Table 6 shows the results on each transformation pattern. We can see that our method performs well in most transformation pattern except type T3 (Tensile and add black border) and T6 (combination of disturb). It is because that the transformation T3 add black border to the original video, thus make the visual content a small partition of the feature representation, and which is difficult to recognize.
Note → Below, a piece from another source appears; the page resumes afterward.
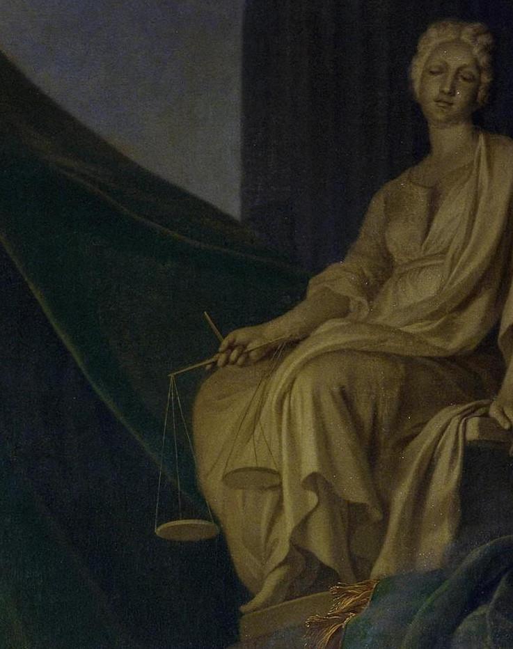 Замысел картины принадлежал художнику, поэту и переводчику Николаю Львову. Императрица представлена жрицей в храме богини Правосудия, следящей за исполнением законов для всеобщего блага. Отчасти сюжет картины перекликается с «Наказом» Екатерины, в котором, следуя идеям французских философов, императрица утверждала принципы равенства всех людей перед законом и выступала за свободу торговли.

Table 6 VP, VR, FP, FR and score (higher is better) results of the proposed approach on different transformation patterns

We show video copy detection results on a single video in Fig. 5. The length of the reference video is 130 s, and the copy video is transformed from reference video (10–40 s) by means of inserting. The dash lines indicate the ground truth location between reference video and copy video. We can see that the video copy detection by the CNN-Graph method is relatively accurate. It detected all keyframes in reference video. The SIFT-Graph method is inferior to CNN-Graph method for the video fragments are misclassified. The copy detection result of SURF-Graph is bad.

Fig. 5
figure 5

Comparison of video copy detection results are represented in color bar form. The results of CNN-Graph, SIFT-Graph and SURF-Graph

Obviously, the CNN feature has a more compact and informative representation, and the deep CNN features with graph-based sequence matching algorithm shows the leading performance according to the results. Meanwhile, the CNN feature can still describe the copy video keyframe with sufficient accuracy. On the contrary, the SIFT and SURF features cannot be well modeled with graph-based sequence matching algorithm, which leads to a poor performance. The representation metrics of keyframes is the key to the success of the proposed method. From above all, we can conclude that the desirable results are mainly due to the capability and the generalization capability of the deep CNN features.

5 Conclusion

In this paper, we presented a novel deep CNN feature approach to the content-based video copy detection using visual information. We used deep CNN features to describe video visual content. Accordingly, we developed a deep CNN feature based keyframe retrieval algorithm to exhaustively search the video copy candidates. What’s more, a graph-based sequence matching method is employed to cope with copy video detection and localization. The extensive experiments demonstrated the effectiveness of our proposed video copy detection framework. Moreover, deep learning features perform better than SIFT, SURF handcrafted features, which shows a promising research direction for copy video detection. However, the method proposed in this paper doesn’t work well for all types of transformation. For example, the proposed method may not perform such well on the transform type T3 and T6. In the future, significant efforts will be devoted into training better networks specifically for the copy detection problem, as well as improving the robustness of features on complex transformations.